在数据库中找到数据并插入数据库后，PHP将成功返回给Java

Question

<?php

include("db_config.php");

$myusername = $_GET['username'];
$mypassword = $_GET['password'];



$sql="SELECT id FROM tablename WHERE username='$myusername' and password='$mypassword'";

echo $sql;

$result=mysql_query($sql);
$row=mysql_fetch_array($result);
$active=$row['active'];

$count=mysql_num_rows($result);


 // If result matched $myusername and $mypassword, table row must be 1 row
if($count==1)
{
 echo "<strong> <font size='18'>Login Success</font></strong>";
 }
 else 
 {
echo "<strong> <font size='18'>Login Failed</font></strong>";
}

?>

I tried response array on success.. But in java file wen I Receive it .. is showing Null.. I am using this line to receive the success

  success=json.getInt(TAG_SUCCESS);

Also I used this in my JSON parser class to check if server returns success.

  if (response.getStatusLine().getStatusCode() == 200) 

And also The login is giving Login failed.. though I enter the username present in the database

Can any1 help me??

Answer 1

Not sure what library you are using BUT using a method "getInt()" on an HTML text "Login Success/Failed" looks very wrong.

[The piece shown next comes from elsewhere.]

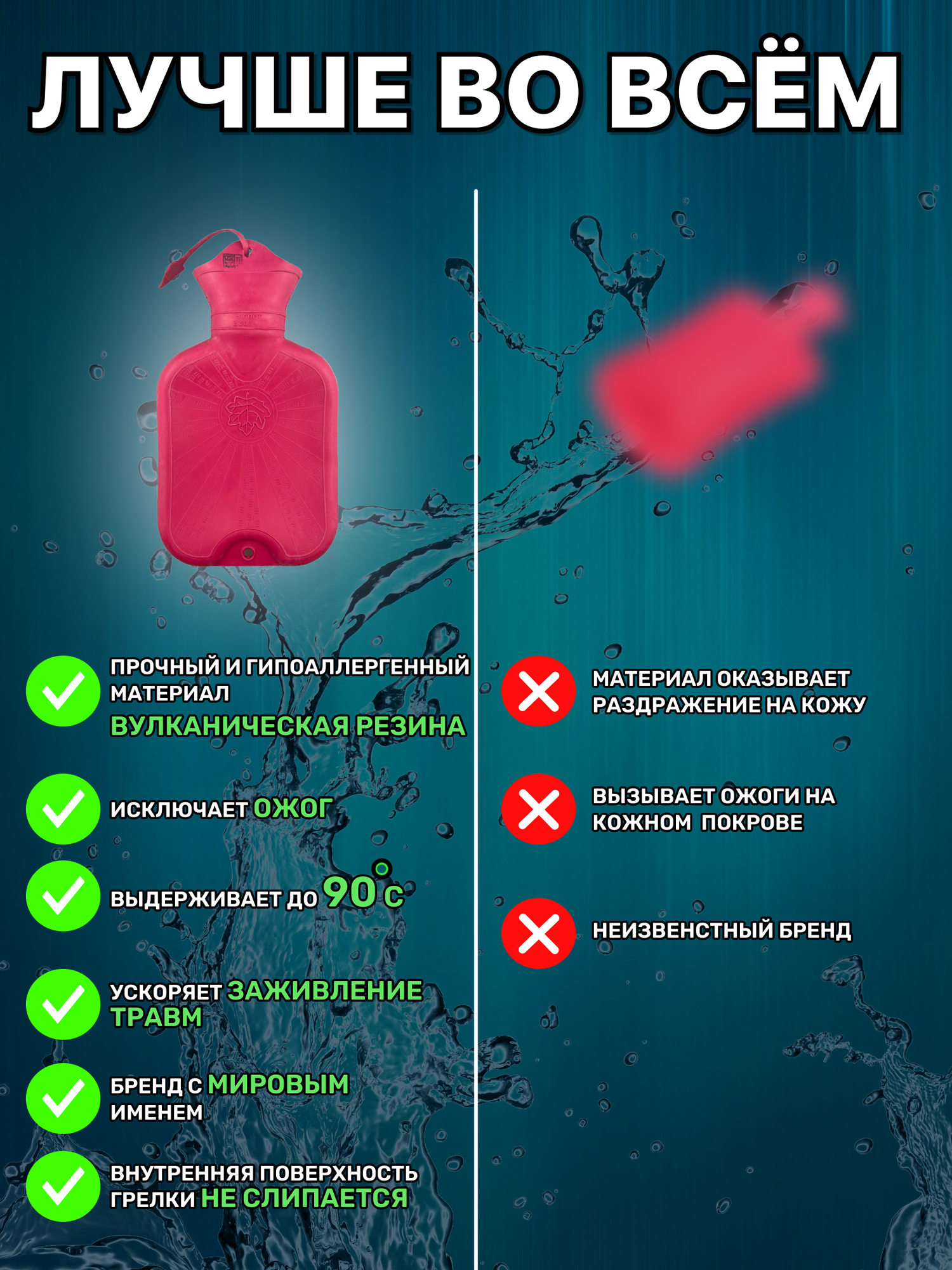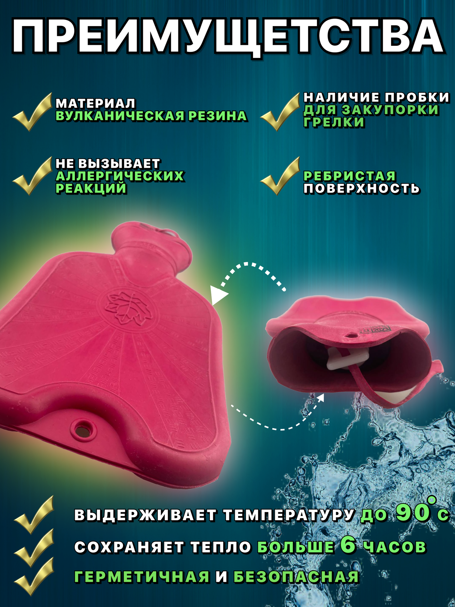 Грелка водная резиновая многоразовая многофункциональная типа А на 1 литр для тела, рук и ног интересное:

Using a "json." method on HTML data also looks very wrong.

So get your php to emit valid JSON, and, get your Java to extract the Login Success or Failed text from hte JSON.

Answer 2

Correct me if I am wrong, but your php doesn't return a valid JSON, instead it returns HTML code. Naturally when you try to parse it as JSON, you get null . If your PHP is changed to this:

if($count==1) {
    $result['login'] == 'success';
}
else {
    $result['login'] == 'failed';
}
echo json_encode($result);

then you may be able to parse this in your java and use something like:

if("success".equals(json.getString("login")) {
    //login successful
}

This is not the only way to achieve this, but it should do the trick.